# Zinsser Bulls Eye Primer 1-2-3



## laketrout (Mar 5, 2013)

Was thinking of using Zinsser Bulls Eye 1-2-3 primer sealer its labeled interior-exterior , sticks to all surfaces even without sanding- mold and mildew resistant but it is a water base product , since this is a sealer and stain-killer would it have chemicals in it that a regular primer wouldn't , even though its getting 2 topcoats not sure if I should use it .


----------



## jim lyon (Feb 19, 2006)

We use the heck out of that stuff with two top coats as well and have never sensed there is a problem.


----------



## Ravenseye (Apr 2, 2006)

I hit the knots with it before I prime. Even with oil based primer using the 1-2-3 stuff first on weepy knots stops the bleed through. If I use fresh, #2 pine when I make the boxes, I give all the surfaces a coat of 1-2-3 first before proceeding. Shouldn't be a problem.


----------



## DonShackelford (Jan 17, 2012)

I do a lot of repair work and 123 is the only primer I use. Inside, outside, over drywall, oil base, metal, and of course beehives.

Great stuff and reasonably priced.


----------



## laketrout (Mar 5, 2013)

I always thought it was a good product also and I do have it on hand , was hoping I could use it on my boxes . Does it seem to hold up as good as a oil base primer , one or two coats of the Zinsser ?


----------



## Spark (Feb 24, 2011)

I use the Zinsser it works well I have had it tinted to a certain color and it works out cheaper than buying colored latex paint. Also, I have tried other primers, I get no black spots (mildew) on my hives with Zinsser like the others do.


----------



## DonShackelford (Jan 17, 2012)

I've always used one coat, but no doubt 2 coats are better than one. 

Can't comment on oil base primer. I use 123 to paint latex over oil. Latex is just too easy to clean up after. Try it, you'll like it ;-)


----------



## No-sage (Mar 14, 2009)

The original Zinsser product (not the water base) is just a colored shellac. 

Shellac is an excellent sealer, and almost anything can be painted over it. It can be bought cheaply in dry flake form from most woodworking supply houses. It's dissolved in denatured alcohol and used at whatever concentration you like.

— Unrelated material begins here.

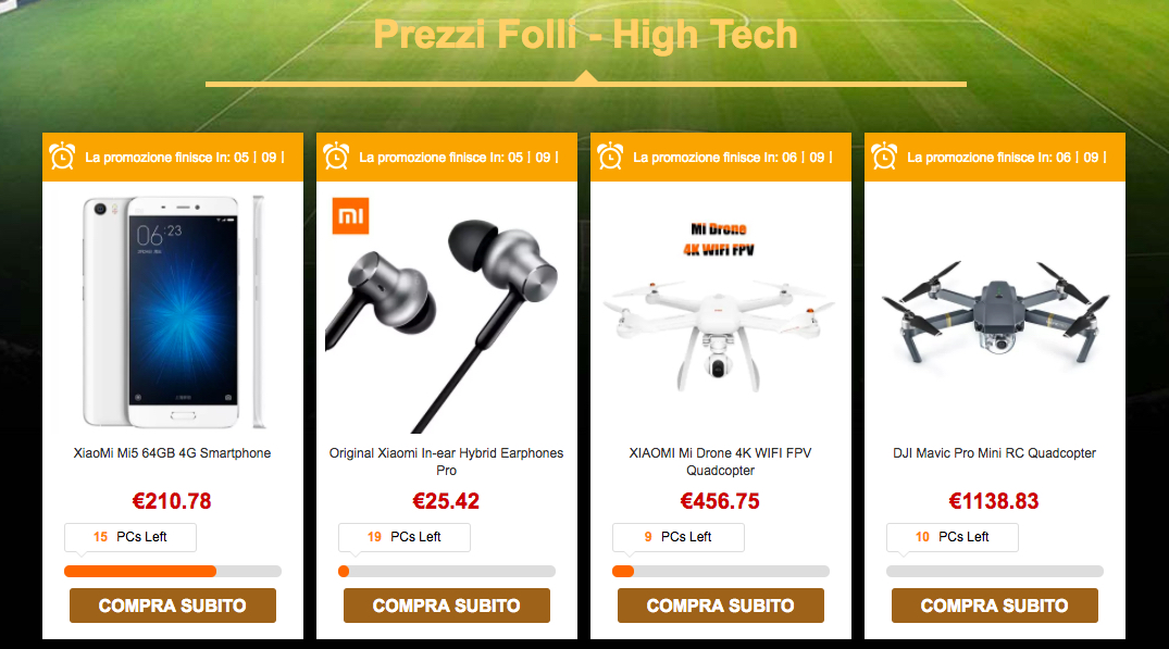 Per Xiaomi non possono mancare gli smartphone in offerta, fra cui lo smartphone Xiaomi Mi5 64GB a soli 210 euro in versione internazionale, oppure le Xiaomi Auricolari Pro in-ear, dal prezzo di soli 25 euro ma dalle performance di alto livello. Chiudono la lista dei prodotti più interessanti lo Xiaomi Mi Drone 4K, in offerta a 456 euro, e lo scooter/monopattino elettrico pieghevole Xiaomi M365, anch’esso in offerta a 436 euro.

I use the amber in my house on most wood surfaces. It is simple to repair, and when reapplied, it dissolves the old layer and blends right in.


----------



## Ravenseye (Apr 2, 2006)

I lOVE shellac and that's what I like about the 1-2-3. If I have a knotty box, I spot prime with 1-2-3 and then put oil based primer over everything before topping with whatever I want. Oil based on the bottom at least (if not also on top) seems to work the best for me and that includes the barn, the house, the hives, the coop...you name it. As No-sage mentioned, shellac works well and if I've mixed up a batch for another project and have a little left over, I use that on the boxes to finish the batch up. It's a great sealer.


----------



## Mr.Beeman (May 19, 2012)

One coat of primer/sealer is sufficient. It is meant to seal, not cover.


----------



## laketrout (Mar 5, 2013)

Sounds good , I'll try one coat of zinsser and two topcoat and call it good, and see how they look .


----------



## Hamp54 (Feb 4, 2013)

I used 123 under 2 coats of exterior latex with good results


----------